Visitors to the area at Highway 10 and 144th Street in Surrey will have noticed major construction underway beside the courthouse since September 2016, and wondered what’s being built. Well, the project involves renovation of the courthouse built in 1991 and a three-storey addition to it.
It’s hoped the project will have several benefits that will increase access to justice for British Columbians living south of the Fraser River. eNews interviewed Provincial Court Regional Administrative Judge Robert Hamilton to find out what’s in store for the courthouse and how the changes underway may improve things.
eNews: What’s going on at the Surrey courthouse?
RAJ Hamilton: It’s a $33.5 million dollar project that will renovate the existing courthouse and add to it significantly. The Surrey courthouse has the largest criminal caseload of any courthouse in BC and the second largest family and civil caseload, making it the busiest courthouse in the province. Court staff have been working in crowded spaces for some time. The renovation will separate the criminal court registry from the family and civil registries – they will be on different floors - and all will be expanded to alleviate the cramped working conditions. New courtrooms, settlement conference rooms and judges’ offices will be added, updated technology and integrated video conferencing installed, and our First Appearance Courtroom will be enlarged. Jail space will be expanded, and there will be a new law library that, like the existing one, will be open to the public at designated times.

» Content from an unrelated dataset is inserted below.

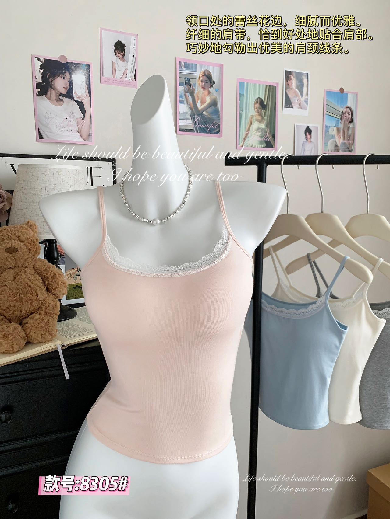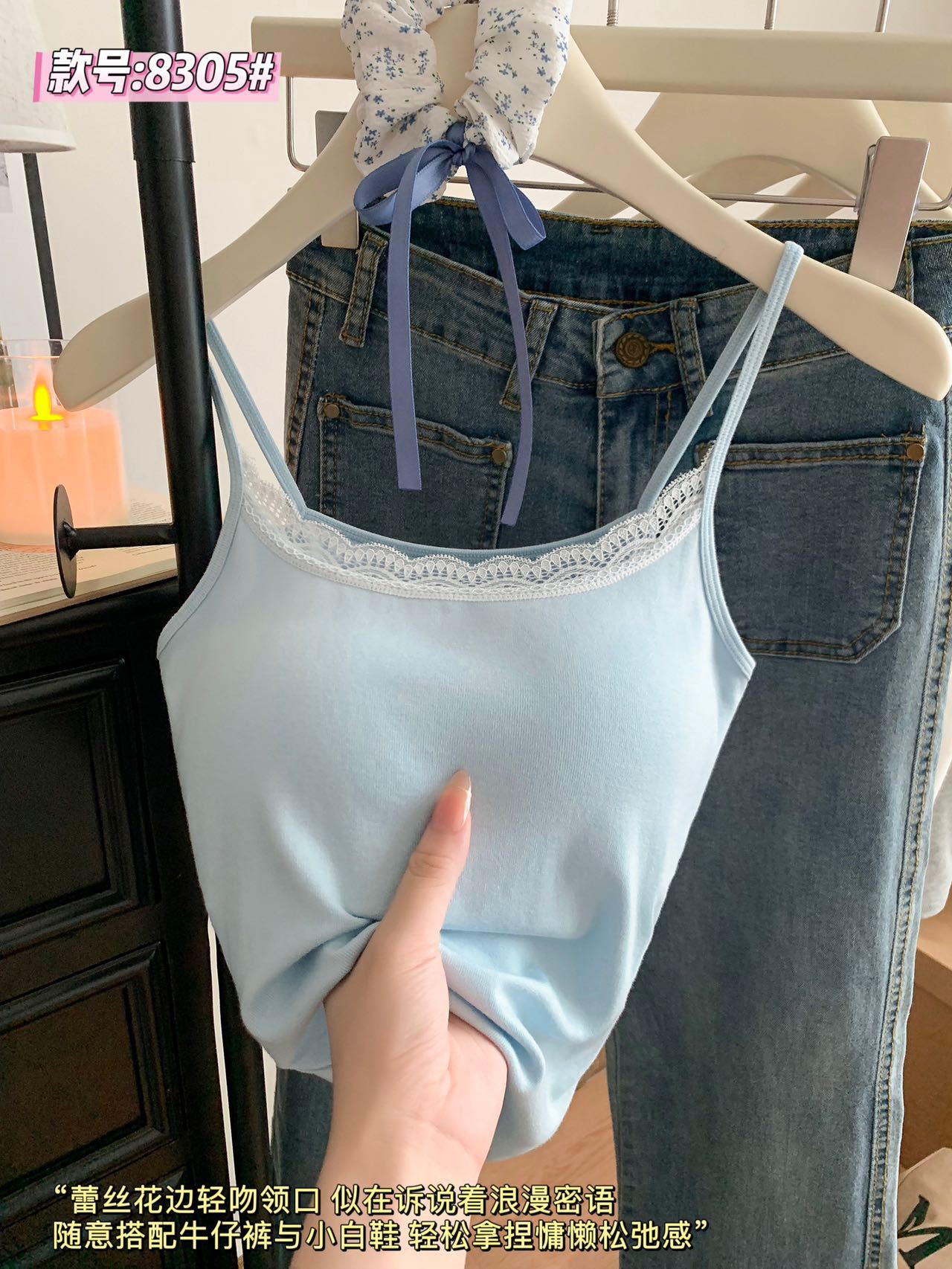 Pure Desire Hot Girl 탑 레이스 스플 라이스 가슴 패드 여성용 캐미솔 여름 크림 소녀 스타일 이너웨어스토어 가기

eNews: Why are the changes needed?
RAJ Hamilton: I’m told that when this courthouse opened in 1991 it was built for the future. It had been designed to meet not just current, but anticipated future needs of the growing community south of the Fraser River. During the last twenty-six years the building’s use was maximised. Its caseload expanded through population growth in Surrey and when it was designated the courthouse for cases from White Rock, Delta and Langley in addition to Surrey.
As the population of these communities continues to expand, this project is a proactive step to deal with higher volumes of cases in all divisions, and to provide the physical capacity to shorten wait times. Providing additional courtrooms is one of the elements needed to decrease delay in the court system. While we’ve made progress in recent years, at present the wait times for longer trials in Surrey are slightly greater than the Court’s standards, and we hope that the added courtrooms will help us bring wait times down even more.
eNews: Do you foresee other benefits?
RAJ Hamilton: Our services in family and civil courts will be enhanced. There will be additional offices for Family Justice Counsellors who provide mediation for people with family disputes and prepare reports on issues involving parenting arrangements and children’s views. It was also recently announced that a Family Justice Access Centre will be established in the courthouse. A previous eNews article reported that Family Justice Access Centres offer self-help resource rooms to support people with various family and civil justice needs (such as separation and divorce, housing or debt issues), limited legal advice from lawyers onsite, debt counselling, and civil mediation. Those services would all be of assistance to our many self-represented litigants.
We should also be able to provide earlier case conferences where judges meet with the parties in family and civil disputes to discuss settlement, because the number of case conference rooms will be doubled.
eNews: Do you anticipate any changes in the criminal courts?
RAJ Hamilton: Expansion of the jail cells in the building should reduce crowding there. One of the new courtrooms will be a state of the art high security courtroom, bringing the number of courtrooms with heightened security to two. This will assist us to deal with cases like those linked to armed gang violence while keeping court staff, people involved in court proceedings, and the public safe.
eNews: Any closing thoughts?
RAJ Hamilton: The judges and judiciary staff are looking forward to conclusion of the current construction in 2018. We are all excited to participate in the enhanced services we will be able to offer the public through this renovation and expansion project.